Use clustered indexes to find data
This is the same B+ tree index graph, and now we should know that this is the clustered index, where the data in the table is stored. Now suppose we want to look for user data with id>=18 and id<40. The corresponding SQL statement is:
select * from user where id> =18 and id <40
Copy the code
Where ID is the primary key, the specific search process is as follows:
(1) Generally, the root node is resident in memory, that is, page 1 is already in memory, in this case, do not need to read disk data, directly read from memory.
- To look for the id>=18 and id <40 or a range value, we first need to find the key with id=18.
- From page 1 we can find the key value 18, and we need to navigate to page 3 according to the pointer p2.
(2) To find the data from page 3, we need to take p2 pointer to the disk and read page 3.
- We read page 3 from disk, put page 3 into memory, and then look for it. We can find the key value 18, and then take the pointer p1 from page 3, and navigate to page 8.
(3) The same page 8 is not in memory, we need to go to disk to read page 8 into memory.
- After reading page 8 into memory. Because the data in the page is linked, and the key values are stored in order, you can find the legal bit to the key value 18 by binary search.
- And at this point, because we’re on the data page, we’ve found a piece of data that meets our criteria, which is the data that corresponds to key 18.
- Since it is a range lookup, and all the data has leaf nodes and is arranged in order, we can iterate through the key values in page 8 to find and match the data that meets the condition.
- We can go all the way to 22, and then there is no data on page 8, so we need to take the p pointer on page 8 and read the data on page 9.
(4) Since page 9 is not in memory, page 9 will be loaded into memory again, and data search will be carried out in the same way as in page 8 until page 12 is loaded into memory, and 41 is found to be greater than 40. At this time, the condition is not met. So the search ends here. Finally, we found all the data that met the condition, a total of 12 records:
Kl, (18), (19, kl), (22, hj), (24, IO), (25, vg), (29, jk), (31, jk), (33, rt), (34, ty), (35, yu), (37, rt), (39, rt).

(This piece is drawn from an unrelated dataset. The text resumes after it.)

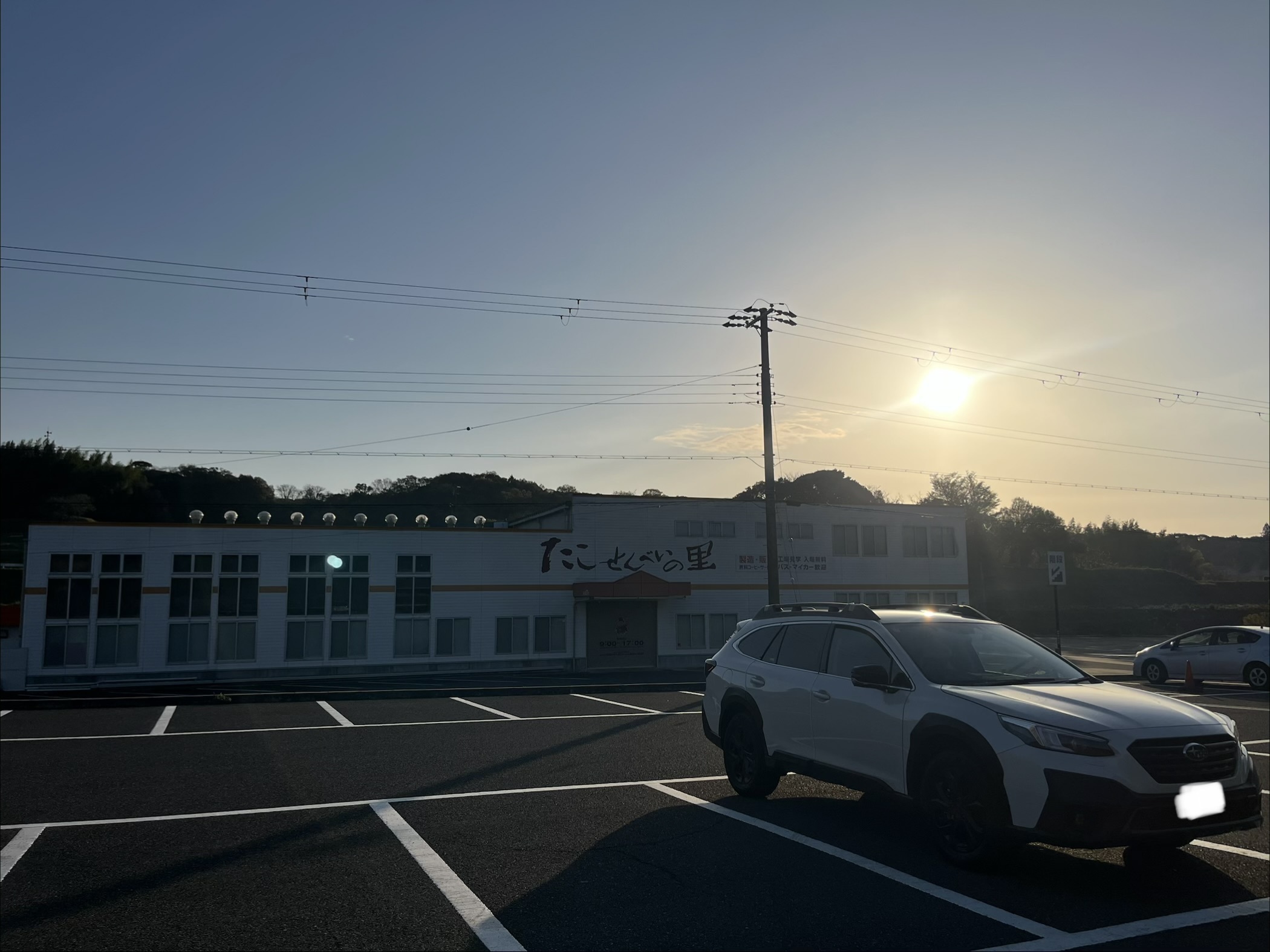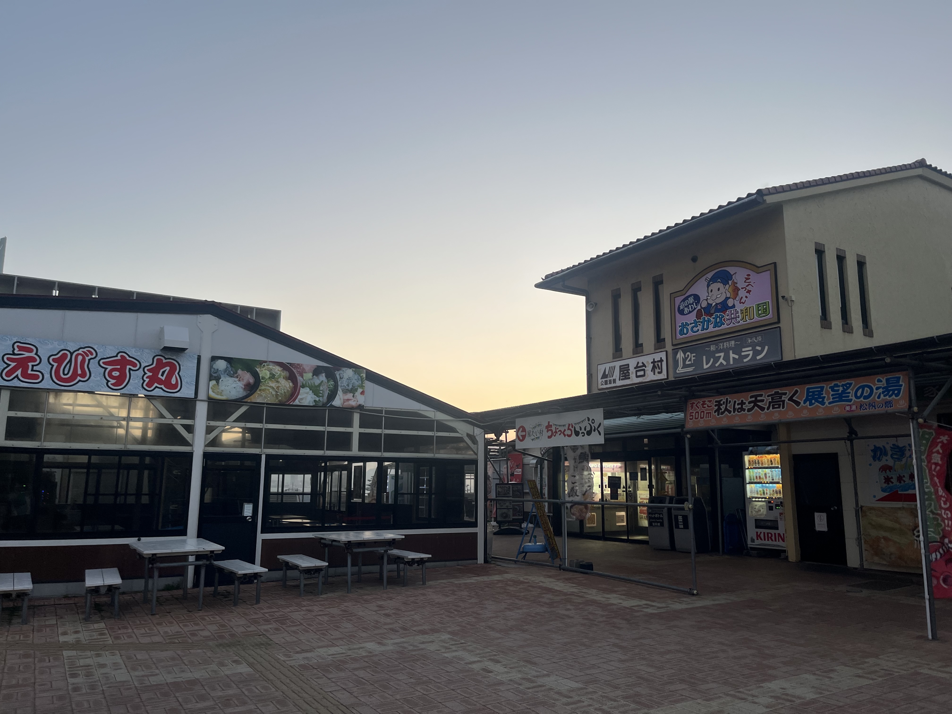たこせんべいの里に到着しました。もちろん営業してません笑。江ノ島のうっすいたこせんべいを思い浮かべるのは僕だけでしょうか、、?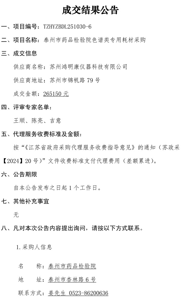 泰州市药品检验院色谱类专用耗材采购项目成交结果公告.pdf

Let’s take a look at the specific lookup flow chart
Use non-clustered indexes to find data
Readers may wonder when they see this picture, what is it? It’s all numbers. If you feel this way, look carefully at the explanation in the red letter below. What? Don’t get it? So let me explain it again. First, the non-clustered index represents the index of the user’s lucky number (why lucky number? On a whim :-)), the table structure looks like this.In a leaf node, instead of storing all data, it stores key values and primary keys. For x minus y in the leaves, let’s say 1 minus 1. The 1 on the left represents the key of the index, and the 1 on the right represents the primary key.
If we want to find the user whose lucky number is 33, the corresponding SQL statement is:
select * from user where luckNum=33
Copy the code
The lookup process is the same as for clustered indexes, so I won’t go into details here. When we find the primary key 47, we need to go back to the clustered index to find the corresponding data. At this point, we go back to the clustered index search process.
Let’s take a look at the specific lookup flow chartIn MyISAM, both clustered and non-clustered leaf nodes store the file address of the data.